The Arkansas Court of Appeals has, on two occasions, dealt with the definition of “qualified witness” as the term is used in Rule 803(6). In Cates v. State, 267 Ark. 726, 589 S.W.2d 598 (Ark. App. 1979), a former loan officer of a bank was found qualified to sponsor a customer account record. The Court of Appeals stated the officer’s familiarity with the account, in addition to his prior employment at the bank, qualified him as a witness within the meaning of Rule 803(6). A trial judge has wide discretion in determining the qualification of witnesses and the admissibility of evidence.

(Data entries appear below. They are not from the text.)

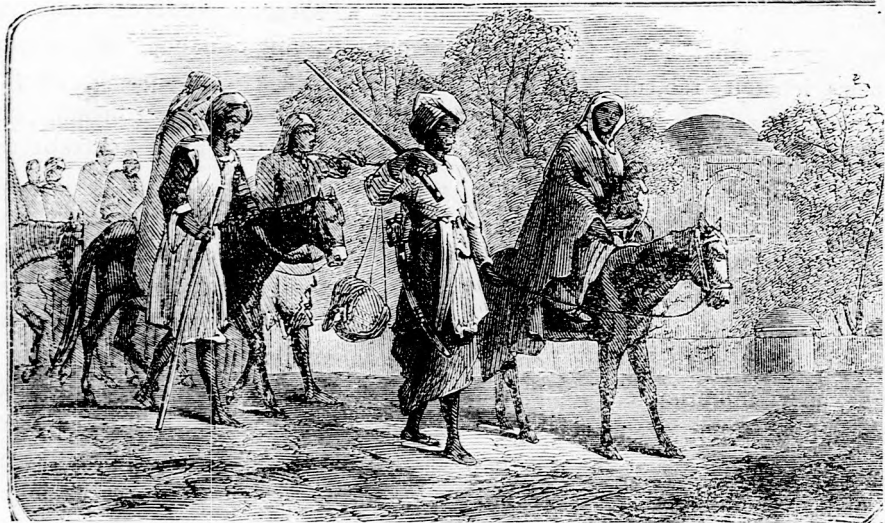
HINDU ZARÁNDOK. (Lásd a 410. l.)

Ez a gondolat nem hagyott neki többé nyugtot. A király javában hor-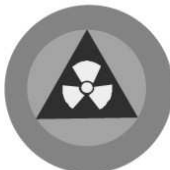
Slika 18 JEDINICA ZA RHB ZAŠTITU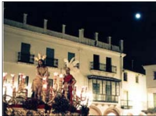
Semana Santa. Zafra

Otras fiestas son las que se celebran el Lunes de Pascua . En Trujillo, es El Chíviri ; en Campanario es la Romería de Piedraescrita y en Arroyo de la Luz es Las Carreras donde jinetes muestran su destreza cabalgando por las calles de la localidad.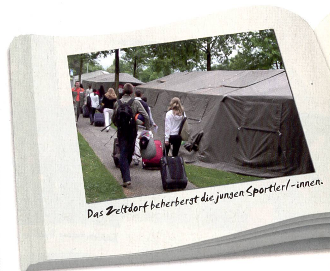
Das Zeltcamp beherbergt die jungen Sportler/-innen.

trainieren und sie erst noch nach Tenero begleiten.» Zwölf Teams, achtzig Schüler/-innen und drei Fachlehrer: Für den Kanton war die Teilnahme in Tenero ein Meilenstein, trotz kleinerer organisatorischer Probleme. «Und einige Eltern sehen es lieber, wenn ihre Kinder lernen, anstatt an solchen Anlässen teilzunehmen», erklärt Florian. Dazu kommen noch Transfer- und Übernachtungskosten. Kosten, die zu 100 Prozent von den Schulen und vom Schulsportamt gedeckt werden.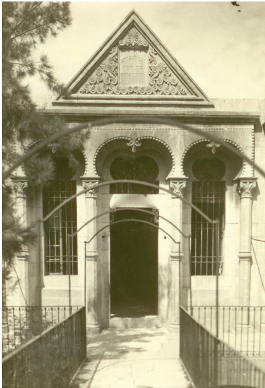
איור 3: בית החולים 'בית הדסה' בחברון

בעדותו בעת חקירתו אצל השופט החוקר בילי ובמהלך המשפט הכחיש טאלב את כל המיוחס לו על ידי קפראטה ויהודי חברון וטען שסייע למשטרה לפזר את הצעירים שהתקהלו וזרקו אבנים. הוא סיפר על פגישה ידידותית עם אליעזר דן סלונים ועם יהודה ליב שניאורסון בשבת בבוקר, אשר שיבחו את פעילותו. כמה עדים ערבים העידו ואישרו את גרסתו (עדות טאלב מרקה במשפטו ועדויות עדי ההגנה, -24 17.10.1929 ספר המשפטים, עמ' 62-74). הוא זכה ליחס מיוחד כאשר הובא לחקירות, והחוקרים לא כבלו את ידיו (מדוע אין שייך טאלב כבול?, הארץ, עמ' 4, 7.10.1929; איור 3).

Again in Wildwood Contractors v. Thompson-Holloway Real Estate Agency, 17 Ark. App. 169, 705 S.W.2d 897 (1986), it was held that a witness sponsoring business records need not have knowledge of the actual creation of the document. The personal knowledge of the sponsoring witness regarding preparation of the business record goes to the weight rather than the admissibility of the evidence. See also McCormick on Evidence, § 292 (4th ed. 1991) (stating anyone with the necessary knowledge is qualified; there is no requirement that a sponsoring witness have firsthand knowledge of the matter reported or actually have prepared the report or observed its preparation).
The length of Anhalt’s prior employment at SSI, coupled with his knowledge of how the work records were maintained, qualified him as a witness under Rule 803(6). We find no abuse of discretion in the Trial Court’s decision.
3. New trial
The last argument is that the Trial Court erred by refusing to grant a new trial because defense counsel was ineffective. Although the theory presented at trial was that no rape occurred, Mitchael argues his counsel was ineffective for failing to investigate the victim’s biological father, brother, and other male relatives for having raped the victim. He also argues his counsel was ineffective for not showing the pornographic movie to the jury and by not investigating his work records prior to trial.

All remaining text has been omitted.